From the line with "Adquira agora sua" down to the final line of the material, please transcribe everything exactly, but leave the pictures out.

BEGIN Data segment

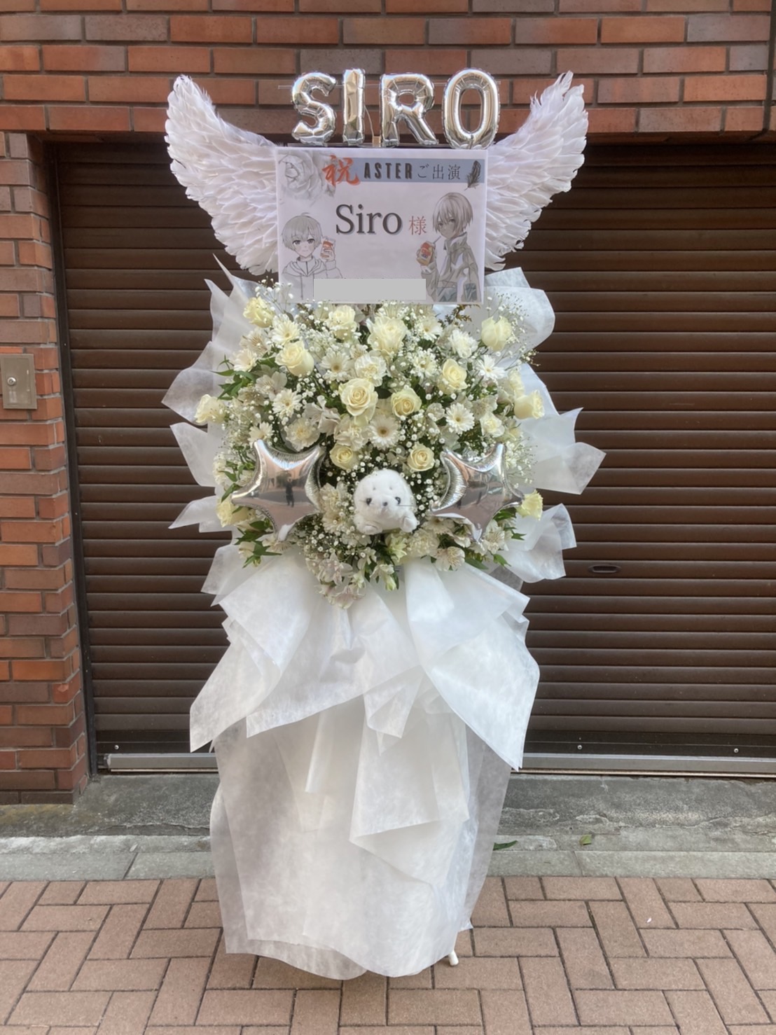 白を基調としたフラスタ。天使の羽と「SIRO」のバルーンで、まるで天使のよう。星形バルーンやアザラシも可愛らしく、華やかに出演をお祝い。
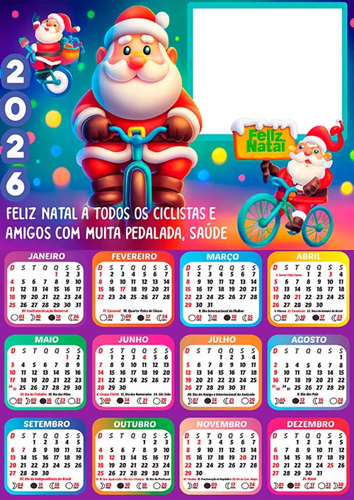 Adquira agora sua Moldura Calendário 2026 Papai Noel Bike com feriados e fase da lua e comece hoje mesmo a criar momentos especiais.
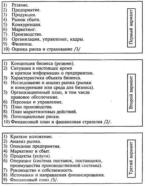 Однако, как правило, в нем предусматриваются разделы, в которых раскрываются основная идея и цели бизнеса, характеризуется специфика продукта предприятия и удовлетворения им потребностей рынка, дается оценка рынка и устанавливается стратегия поведения фирмы на определенных рыночных сегментах, определяется организационная и производственная структура, формируется финансовый проект дела, включая стратегию финансирования и предложения по инвестициям, описываются перспективы роста пред приятия.
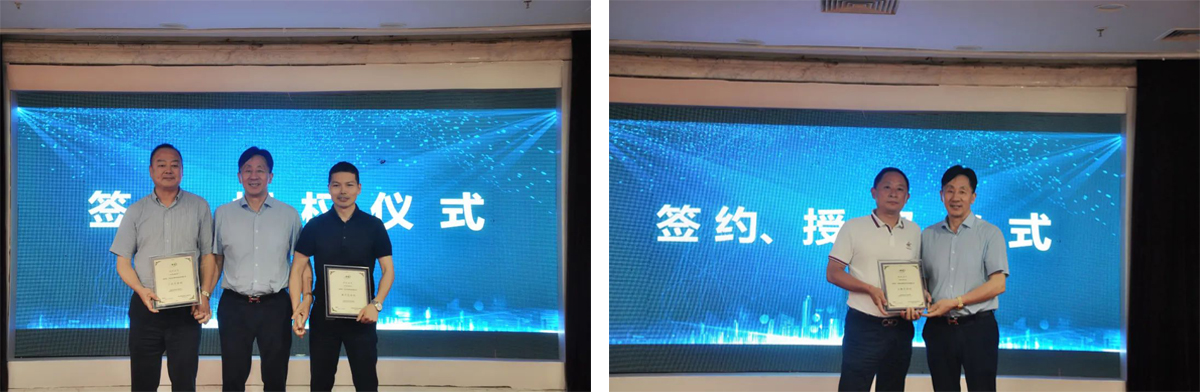 朱士榮董事長向安徽杭霸新材料科技有限公司、寧波信步新材料科技有限公司、杭州祥宸科技有限公司頒發總經銷授權證書。

END Data segment

- Solution to the exercise
 Adquira agora sua Moldura Calendário 2026 Papai Noel Bike com feriados e fase da lua e comece hoje mesmo a criar momentos especiais.
 Однако, как правило, в нем предусматриваются разделы, в которых раскрываются основная идея и цели бизнеса, характеризуется специфика продукта предприятия и удовлетворения им потребностей рынка, дается оценка рынка и устанавливается стратегия поведения фирмы на определенных рыночных сегментах, определяется организационная и производственная структура, формируется финансовый проект дела, включая стратегию финансирования и предложения по инвестициям, описываются перспективы роста пред приятия.
 朱士榮董事長向安徽杭霸新材料科技有限公司、寧波信步新材料科技有限公司、杭州祥宸科技有限公司頒發總經銷授權證書。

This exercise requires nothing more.